Filter on a list of columns

Given an ordered list of columns, optimize filters on any prefix of the list. Projections will only speed up filters that compare a column to a constant value. And any filters on a string column must be case-sensitive.

For example, say that there is a projection optimized for filters on the ordered list of columns ["x", "y", "z"]. It will speed up the following types of queries:

  • SELECT * FROM dataset WHERE x = 5 AND y = 10 AND z = '15'
  • SELECT * FROM dataset WHERE x = 5 AND y = 10
  • SELECT * FROM dataset WHERE x = 5 AND q = 3
  • If there are additional filters on other columns that are not in the configured list, as in this case with q = 3, Spark will automatically attempt to unpack the filter conditions it can "push" into the data source (in this case, x = 5) and apply the other conditions afterwards.

But the following types of queries will not be optimized:

  • SELECT * FROM dataset WHERE abs(x) == 10
  • abs(x) == 10 does not compare a column with a constant value.
  • SELECT * FROM dataset WHERE x % 100 == 10
  • x % 100 == 10 does not compare a column with a constant value.
  • SELECT * FROM dataset WHERE y = 10
  • ["y"] is not a prefix of ["x", "y", "z"].
  • SELECT * FROM dataset WHERE z = '15'
  • ["z"] is not a prefix of ["x", "y", "z"].
  • SELECT * FROM dataset WHERE x = 5 OR q = 3
  • Spark won't be able to "push" the x = 5 filter into the datasource because that would miss rows where x = 5 is false but q = 3 is true.

Range queries

Projections can optionally speed up range queries on the filter columns, for example:

  • SELECT * FROM dataset WHERE x > 5 AND x < 10
  • SELECT * FROM dataset WHERE s LIKE 'SOME_PREFIX%'

Limitations

  • It is not possible to create a projection that includes a non-primitive (eg. array) column and that also supports range queries on the filter columns.

Join on a set of columns

Given an unordered set of columns and a bucket count, optimize joins (only) on that exact set and bucket count.

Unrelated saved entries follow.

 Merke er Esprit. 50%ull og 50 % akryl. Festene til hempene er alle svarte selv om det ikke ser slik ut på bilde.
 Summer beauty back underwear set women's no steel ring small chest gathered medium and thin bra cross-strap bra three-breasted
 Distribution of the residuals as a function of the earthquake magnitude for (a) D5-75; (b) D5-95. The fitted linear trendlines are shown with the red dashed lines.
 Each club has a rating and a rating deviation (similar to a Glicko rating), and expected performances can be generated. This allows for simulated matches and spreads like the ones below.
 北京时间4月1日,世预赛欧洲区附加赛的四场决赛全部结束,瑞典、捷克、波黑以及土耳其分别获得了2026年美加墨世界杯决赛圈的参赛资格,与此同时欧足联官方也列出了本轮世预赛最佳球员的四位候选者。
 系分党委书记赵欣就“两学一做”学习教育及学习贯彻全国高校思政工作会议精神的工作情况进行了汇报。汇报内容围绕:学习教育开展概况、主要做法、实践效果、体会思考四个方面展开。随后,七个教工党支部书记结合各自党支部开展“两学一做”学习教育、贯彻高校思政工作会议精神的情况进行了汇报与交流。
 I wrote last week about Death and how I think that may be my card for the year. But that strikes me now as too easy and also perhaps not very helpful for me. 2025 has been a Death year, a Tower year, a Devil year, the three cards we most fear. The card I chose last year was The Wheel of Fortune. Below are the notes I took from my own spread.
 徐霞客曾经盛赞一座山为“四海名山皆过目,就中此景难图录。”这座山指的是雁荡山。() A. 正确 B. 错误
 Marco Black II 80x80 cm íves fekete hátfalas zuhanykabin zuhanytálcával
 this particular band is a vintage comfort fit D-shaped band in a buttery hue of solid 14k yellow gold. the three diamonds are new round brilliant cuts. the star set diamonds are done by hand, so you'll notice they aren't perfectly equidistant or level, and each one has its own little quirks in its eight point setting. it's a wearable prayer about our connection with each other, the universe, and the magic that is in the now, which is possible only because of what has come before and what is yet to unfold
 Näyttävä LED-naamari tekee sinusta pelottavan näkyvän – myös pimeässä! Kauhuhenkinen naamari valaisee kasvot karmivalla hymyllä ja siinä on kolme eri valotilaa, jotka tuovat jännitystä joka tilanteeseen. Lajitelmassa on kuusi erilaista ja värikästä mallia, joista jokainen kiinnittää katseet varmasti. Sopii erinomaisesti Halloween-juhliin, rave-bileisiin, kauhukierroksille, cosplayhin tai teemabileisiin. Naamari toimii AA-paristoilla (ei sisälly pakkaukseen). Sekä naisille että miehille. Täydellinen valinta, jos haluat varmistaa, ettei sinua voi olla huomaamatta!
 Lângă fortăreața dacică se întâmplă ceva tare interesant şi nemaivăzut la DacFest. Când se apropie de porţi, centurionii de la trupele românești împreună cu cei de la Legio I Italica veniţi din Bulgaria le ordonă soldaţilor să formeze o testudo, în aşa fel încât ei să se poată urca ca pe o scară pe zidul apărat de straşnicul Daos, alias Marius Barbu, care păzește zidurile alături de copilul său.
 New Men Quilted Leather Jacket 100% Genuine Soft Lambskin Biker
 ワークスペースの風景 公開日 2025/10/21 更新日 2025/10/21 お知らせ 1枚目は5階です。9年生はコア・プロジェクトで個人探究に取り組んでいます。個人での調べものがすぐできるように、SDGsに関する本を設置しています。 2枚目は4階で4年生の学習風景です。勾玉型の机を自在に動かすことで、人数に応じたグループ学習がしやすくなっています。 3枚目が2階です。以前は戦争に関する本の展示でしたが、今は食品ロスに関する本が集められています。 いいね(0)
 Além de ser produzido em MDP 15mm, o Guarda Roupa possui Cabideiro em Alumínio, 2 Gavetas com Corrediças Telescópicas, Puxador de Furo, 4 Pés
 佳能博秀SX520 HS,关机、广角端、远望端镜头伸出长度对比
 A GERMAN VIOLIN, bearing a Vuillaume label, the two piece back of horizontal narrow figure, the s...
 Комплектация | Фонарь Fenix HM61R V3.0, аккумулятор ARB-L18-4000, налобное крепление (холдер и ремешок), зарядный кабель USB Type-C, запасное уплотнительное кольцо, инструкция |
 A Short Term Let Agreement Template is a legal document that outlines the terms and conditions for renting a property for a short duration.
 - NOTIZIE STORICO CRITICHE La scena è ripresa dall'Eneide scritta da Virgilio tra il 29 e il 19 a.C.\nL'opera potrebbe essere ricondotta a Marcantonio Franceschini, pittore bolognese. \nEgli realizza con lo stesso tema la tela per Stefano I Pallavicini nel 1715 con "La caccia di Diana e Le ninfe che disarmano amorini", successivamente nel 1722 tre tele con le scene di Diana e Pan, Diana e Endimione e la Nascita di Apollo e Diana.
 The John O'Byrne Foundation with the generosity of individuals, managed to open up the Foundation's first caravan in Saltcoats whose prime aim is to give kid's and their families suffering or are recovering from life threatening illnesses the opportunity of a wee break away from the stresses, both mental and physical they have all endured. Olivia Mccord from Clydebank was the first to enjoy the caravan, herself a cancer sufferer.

For example, a projection optimized for joins on {"x", "y"} will optimize the following types of queries:

  • SELECT * FROM dataset1 INNER JOIN dataset2 ON dataset1.x = dataset2.x AND dataset1.y = dataset2.y

But the following queries will not be optimized:

  • SELECT * FROM dataset1 INNER JOIN dataset2 ON dataset1.x = dataset2.x

Join projected and non-projected datasets

In Foundry, joins of large datasets typically perform a sort-merge join. This involves partitioning each of the datasets according to the join key, sorting each partition on that key, and then merging the (sorted) partitions with the same key.

  • In the general case, this involves shuffling and sorting both of the datasets.
  • If one of the datasets has a projection that is optimized for joining on the join columns, it will not be shuffled or sorted, though the other dataset will be.
  • If both of the datasets have projections that are optimized for joining on the join columns, and use the same number of buckets, then neither dataset will be shuffled or sorted. This can lead to dramatic performance improvements. The same goes for joining a dataset that has a join-optimized projection with an explicitly bucketed dataset (with no projections), though again the number of buckets and join columns must match exactly.

:::callout{theme="neutral"} Most projection consumers in Foundry do not by default take advantage of the fact that the projection is already sorted when doing sort-merge joins, so you may still see a sort in your Spark query plan. In transforms, you can use the Spark profile BUCKET_SORTED_SCAN_ENABLED to modify Spark's behavior based on the fact that the projection is sorted, but this does not always improve performance and can actually make performance worse. :::

Aggregate on a pre-specified set of columns

In Foundry, aggregations usually involve performing a shuffle exchange on the dataset (i.e., partitioning the dataset) according to the aggregation key. When reading from a projection that is hash-bucketed (which is the case for all join-optimized projections, but may not be the case for a filter-optimized projection), consumers can avoid this shuffle, which can lead to dramatic performance improvements during aggregations. A primary key expectation check on a dataset that is updated incrementally in an append-only fashion is a case where a projection (on the primary key columns) is especially beneficial, both because of the compaction performed by the projection and because of the fact that the hash-bucketing of the projection can be leveraged in the aggregation used to compute the expectation.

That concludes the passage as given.